Name: Partnership agreement
Signing a contract: 18.10.2014
Population: 1 100 000

Tbilisi is the biggest city and the capital of Georgia. It lies on the banks of the Kura River. The city itself has 1,100,000 inhabitants, while the population of the whole urban agglomeration is 1,300,000. The city covers an area of 350 km². Tbilisi is the main centre of Georgian industry, culture and science (the Georgian Academy of Science, the National Library and other key cultural institutions have their seats there.)

The foundation myth of the city takes us back to the reign of Georgia’s mighty fifth century king Vakhtang Gorgasali (452-502). Out hunting with his retainers and his falcon in the wooded Mtkvari valley, not distant from where Tbilisi lies nowadays, the monarch spotted
a pheasant. He sent the falcon to retrieve the bird, when he suddenly lost sight of both
of them. After searching for a while, he found them in a hot spring. Both birds had been cooked to perfection.
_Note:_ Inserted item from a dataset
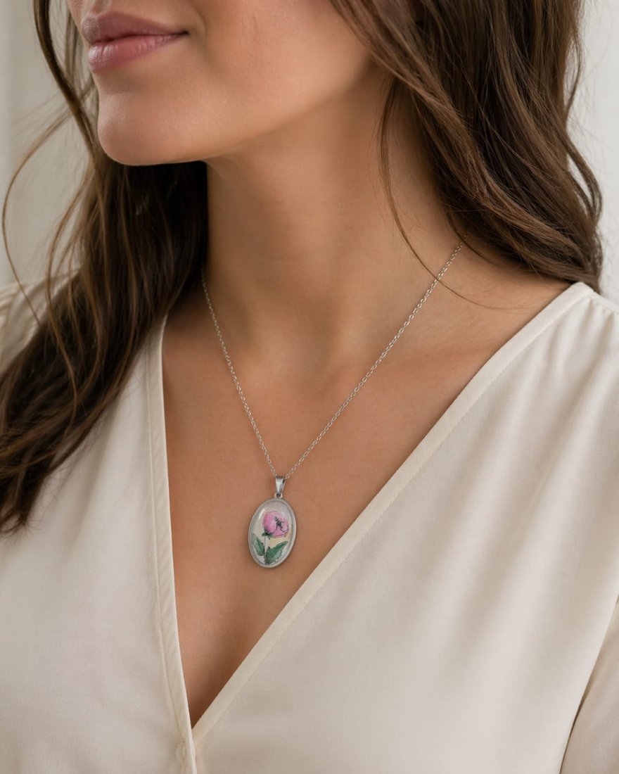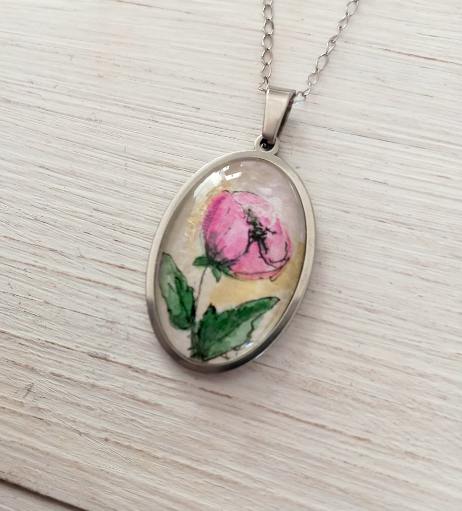 Tagi: #biżuteria artystyczna, #naszyjnik na prezent, #prezent dla mamy babci kobiety, #wisiorek ręcznie malowany

The accident is believed to have convinced the king, surprised with what had occurred,
to explore more profoundly the fertile valley of the river, surrounded by picturesque woody hills. The king admitted that the area abounded with numerous springs, many of them hot. Mesmerised with its beauty, Vakhtang ordered to found a city which received the name
of “Tbilisi” (Georgian 'tbili' means warm). In fact, the remains of human settlement
in the area can be traced back to even more remote epochs. Archaeological excavations confirm its existence in the Copper Age.

At the beginning of the 20th century, the Georgians were still an ethnic minority in the city, inhabited mostly by the local Armenian people. Even today, almost 20% of the Tbilisi's inhabitants belongs to one of over 100 different ethnic minorities. The most numerously represented groups are the Russians and the Azerbaijani people. In the modern Tbilisi,
the presence of these ethnic groups is significant not only in the field of religion, but also
in the one of culture. For instance, there is an Azerbaijani theatre in the Avlabari district
as well as other institutions famous for their vigorous cultural activity, such as the Kurdish Cultural Centre.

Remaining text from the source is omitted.